ANZ Institutional Corporate & Commercial managing director Nigel Williams said the environment now was clearly difficult and challenging, but there was no better time to make big gains than when competitors were equally challenged.
"The challenge for the sector is to look beyond organic growth and seize the prospects that exist in the current environment," Mr Williams said.
"In particular, we're seeing an increasing number of consolidation opportunities across a range of industries, with the decision by some owners to exit presenting acquisition opportunities for those looking to grow faster."
Booming economies along with completed and prospective free trade agreements in Asia also provided a once in a generation opportunity for businesses to expand into new markets.
ANZ urged business owners to take a long term view of the opportunities for themselves and their business, he said.
The sector was "incredibly important and the "real engine room" of the New Zealand economy.
As the barometer findings showed, business owners were aware of issues such as growth, risk management and wealth maximisation, but ANZ was concerned by the lack of progress in grappling with the task.
"Our real fear is that by not making plans business owners will limit the opportunities for themselves, their families and their businesses - and thus the wider New Zealand economy," Mr Williams said.
There was an apparent reluctance to use external expertise to shape plans for growth or change.
But the use of advisers could reduce risk and add value.
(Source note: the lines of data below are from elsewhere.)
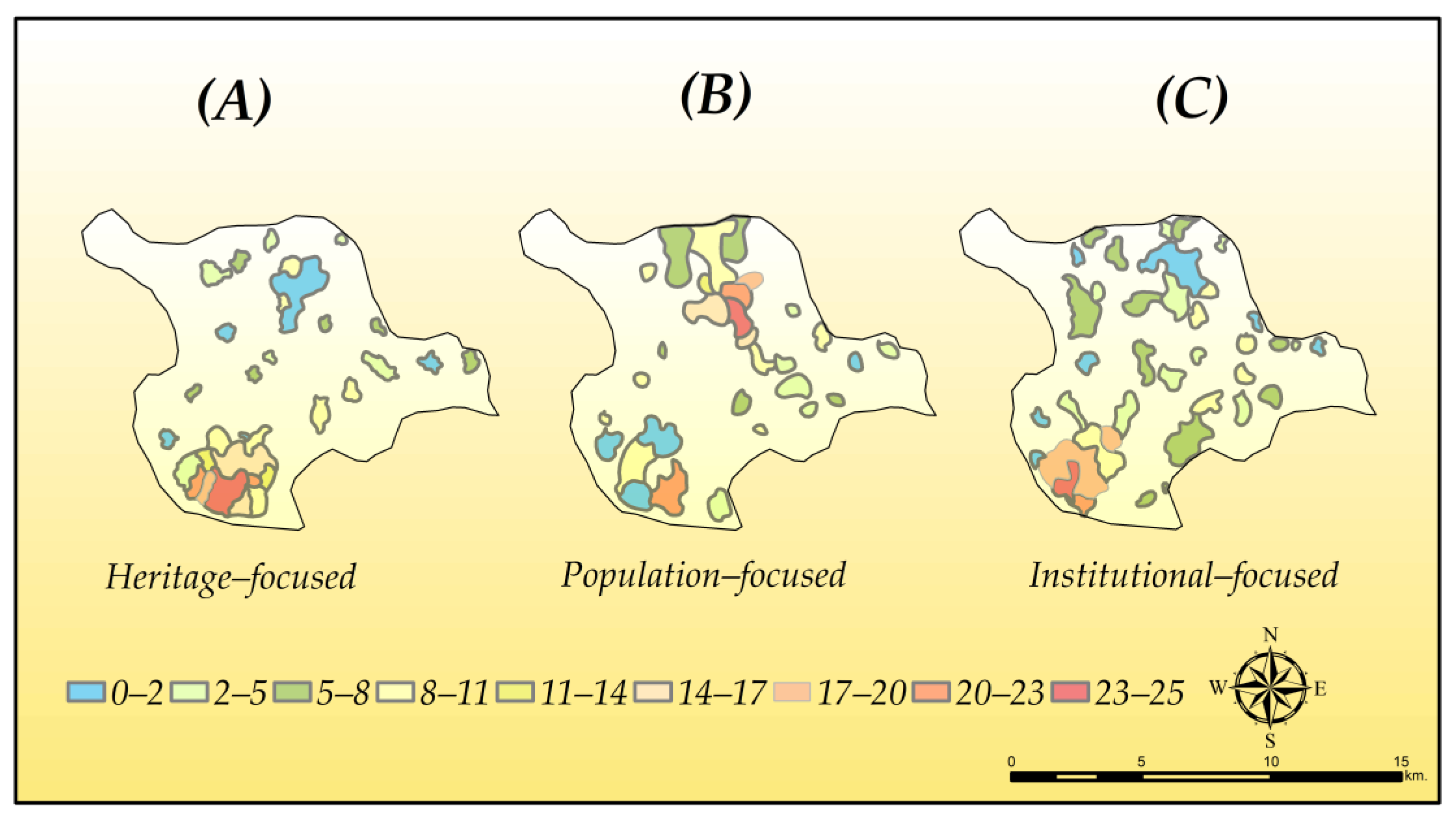 To evaluate the robustness of the proposed GIS-based lighting model and explore the implications of alternative planning priorities, a scenario-based sensitivity analysis was conducted. Three weighting configurations were designed to emphasize different urban values: heritage conservation (Scenario A), population dynamics (Scenario B), and institutional importance (Scenario C). These alternative scenarios were applied to the same set of reclassified raster layers, maintaining consistent spatial resolution and normalization parameters. The resulting lighting priority maps are presented in
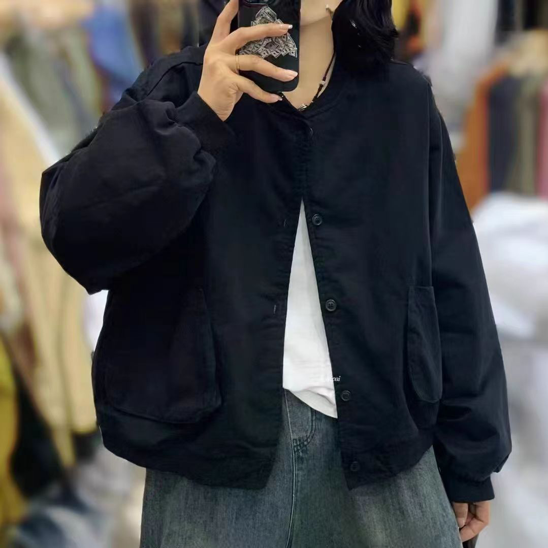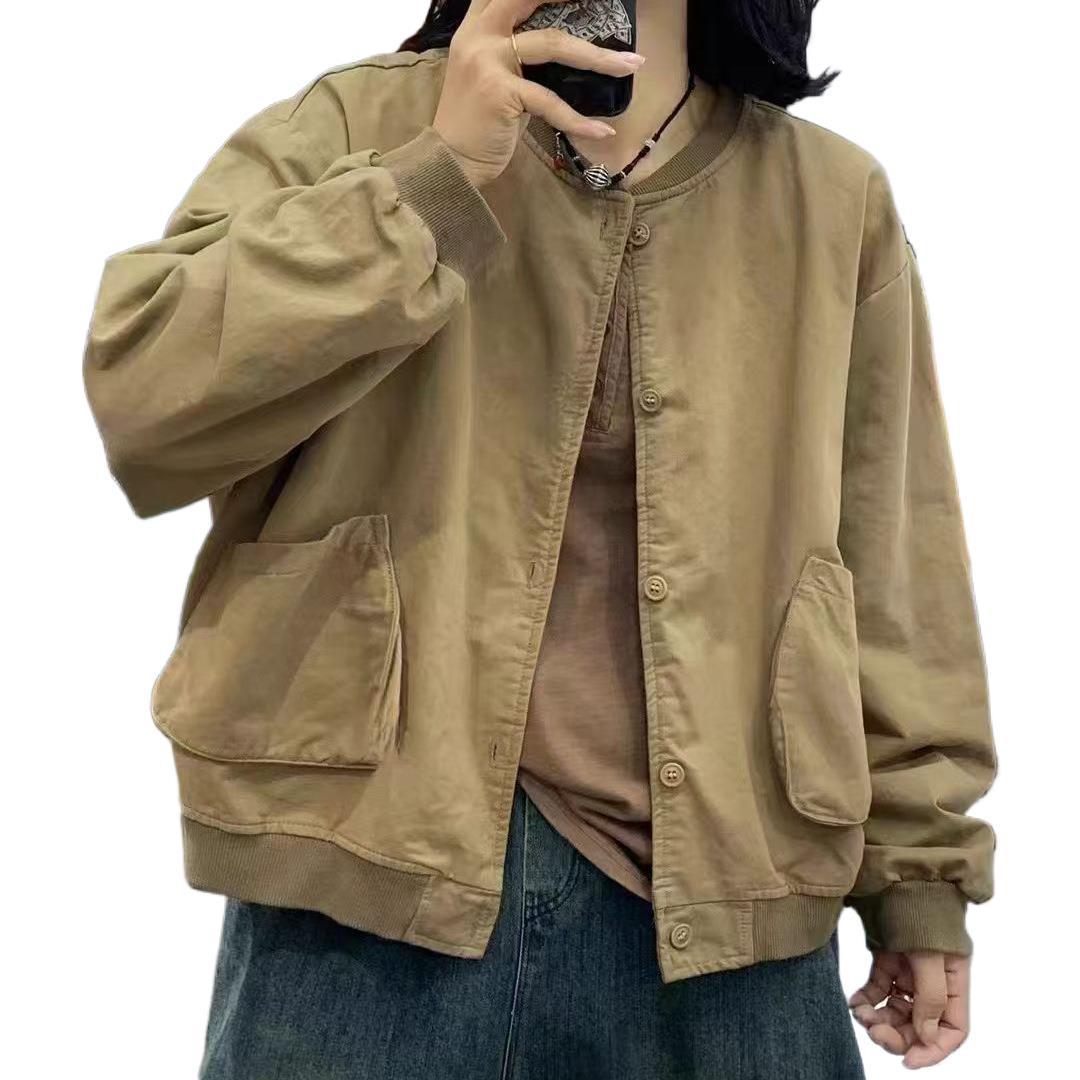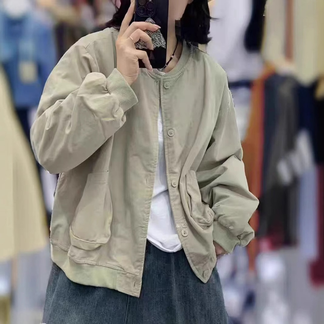 새로운 캐주얼 틈새 카디건 싱글 브레스트 재킷 여성의 간단한 솔리드 컬러 작업복 야구 칼라 재킷스토어 가기
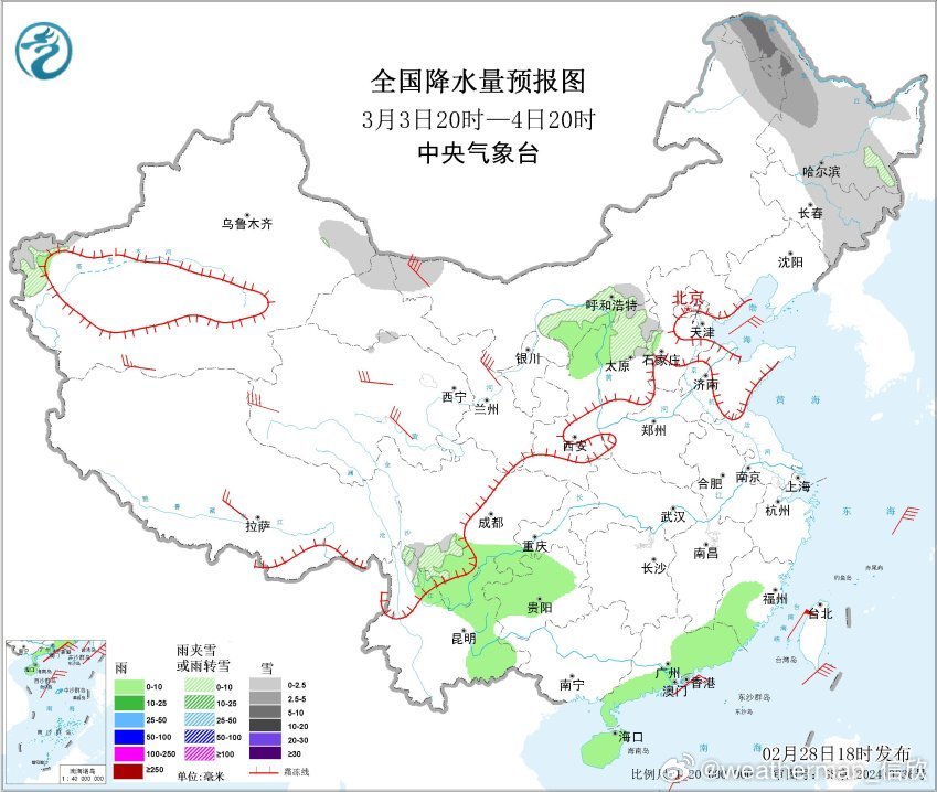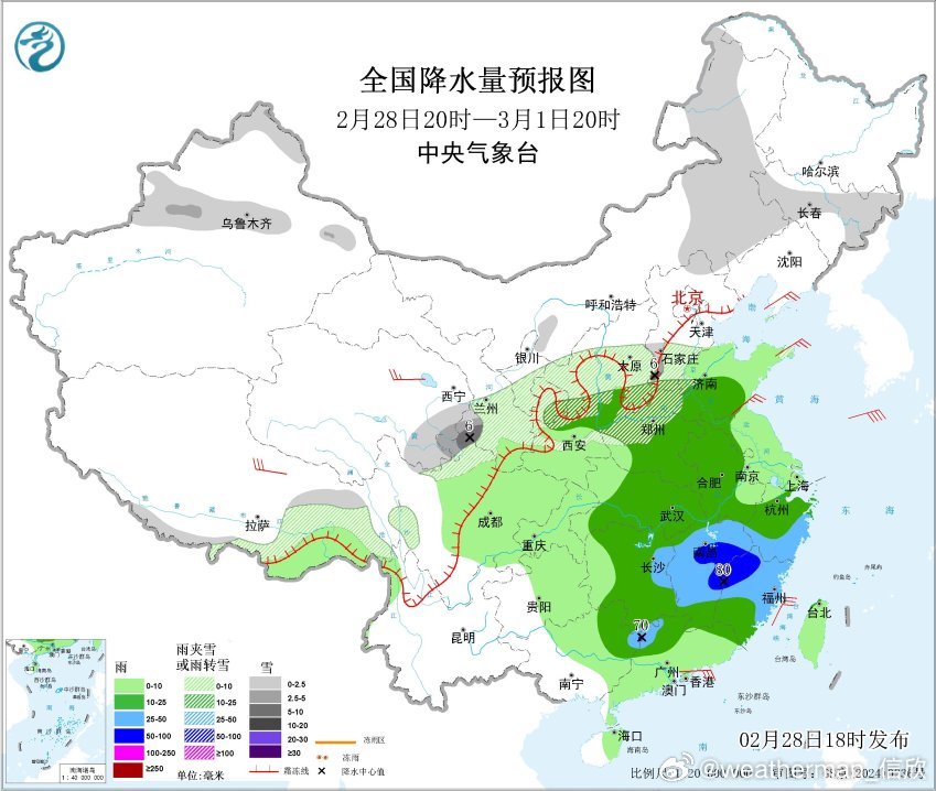 预计2月28日20时至3月1日20时,湖南南部、江西中南部、福建西北部、广西东北部、广东西北部等地的部分地区将有短时强降水天气,小时雨量20-40毫米,局地可达40毫米以上。此外在甘肃陕西山西河南河北部分地区有降雪或雨转雪,部分地区有大雪或暴雪(详见上一条微博分析)。

For example, a business expanding into an overseas market could have an independent director with knowledge of that market.
The barometer is based on a survey targeting owners of just under 1500 privately-owned businesses with annual total revenue from $5 million to $150 million.
It was carried out by Colmar Brunton on behalf of ANZ, and had a response rate of 21 per cent, or a total of 306 responses.
Among other findings of the survey was that owners wanted to release time and capital from their businesses, with 45 per cent of owners aspiring to retirement in the next five years.
Nearly two-thirds of respondents saw succession as in issue, up from 48 per cent last year, but only 17 per cent had taken steps to address it.
Demand for alternatives to outright exit were growing, but many owners were yet to start planning for that outcome, or identifying a successor.
Mr Williams said s uccession could involve bringing in a new owner, with new growth aspirations, to work alongside the existing owner.
The survey demonstrated that New Zealand's privately owned businesses were predominantly well established with 85 per cent of those surveyed having been in existence for more than 10 years, and 31 per cent for more than 30 years.
More than half had an annual turnover between $11m and $40m, and three-quarters employed more than 20 full time staff.